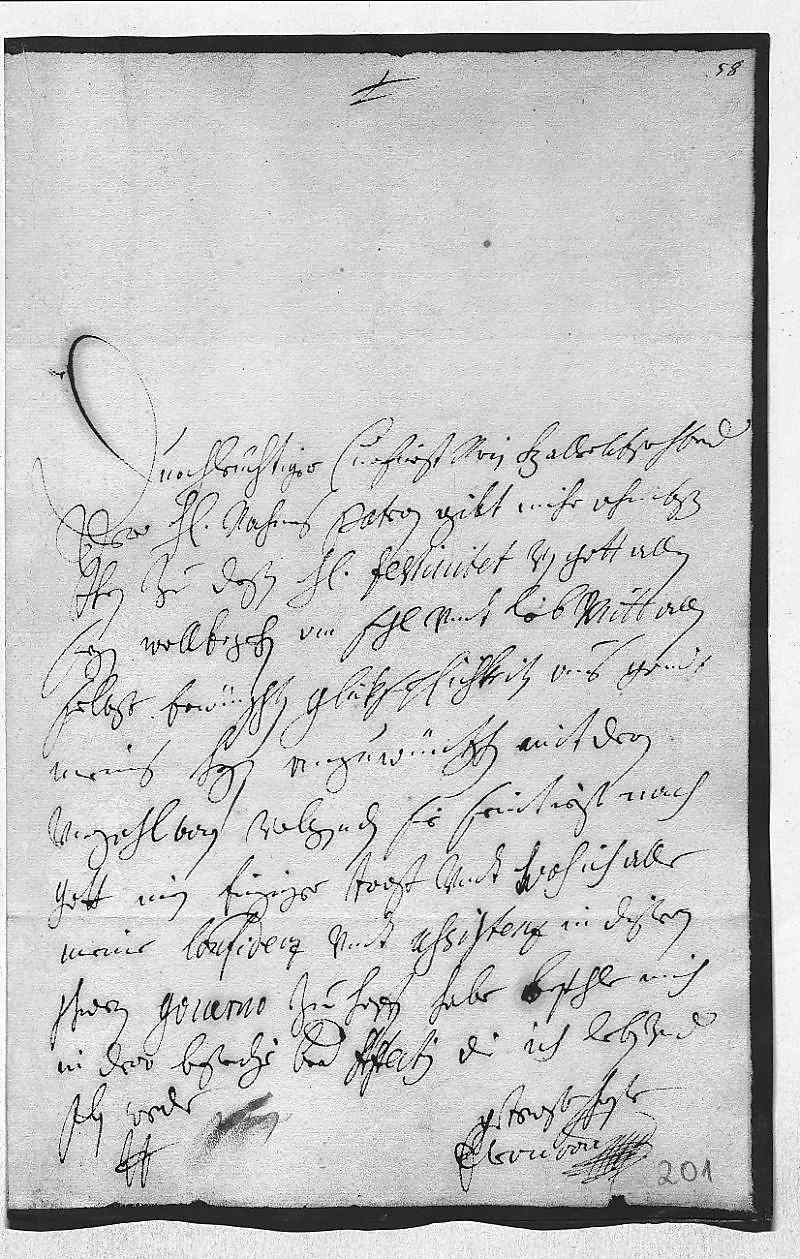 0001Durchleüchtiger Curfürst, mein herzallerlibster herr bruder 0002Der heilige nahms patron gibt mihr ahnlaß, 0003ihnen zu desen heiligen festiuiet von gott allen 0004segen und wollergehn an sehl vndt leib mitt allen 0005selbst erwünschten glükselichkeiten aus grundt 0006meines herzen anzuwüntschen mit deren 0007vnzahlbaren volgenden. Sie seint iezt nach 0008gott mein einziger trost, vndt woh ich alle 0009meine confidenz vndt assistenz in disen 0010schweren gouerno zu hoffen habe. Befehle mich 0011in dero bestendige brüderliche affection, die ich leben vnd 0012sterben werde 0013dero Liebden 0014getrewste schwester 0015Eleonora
************
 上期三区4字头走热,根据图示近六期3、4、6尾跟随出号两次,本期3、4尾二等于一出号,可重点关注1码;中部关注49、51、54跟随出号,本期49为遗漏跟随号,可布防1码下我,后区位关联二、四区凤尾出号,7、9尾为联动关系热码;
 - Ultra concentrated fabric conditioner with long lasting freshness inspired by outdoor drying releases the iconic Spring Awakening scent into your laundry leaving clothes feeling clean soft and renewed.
************
• WHAT TO PRODUCE:
All that is needed is the exact run of lines above from the line containing "上期三区4字头走热,根据图示" through the line containing "- Ultra concentrated", both of them included.

• SOLUTION TO THE EXERCISE:
 上期三区4字头走热,根据图示近六期3、4、6尾跟随出号两次,本期3、4尾二等于一出号,可重点关注1码;中部关注49、51、54跟随出号,本期49为遗漏跟随号,可布防1码下我,后区位关联二、四区凤尾出号,7、9尾为联动关系热码;
 - Ultra concentrated fabric conditioner with long lasting freshness inspired by outdoor drying releases the iconic Spring Awakening scent into your laundry leaving clothes feeling clean soft and renewed.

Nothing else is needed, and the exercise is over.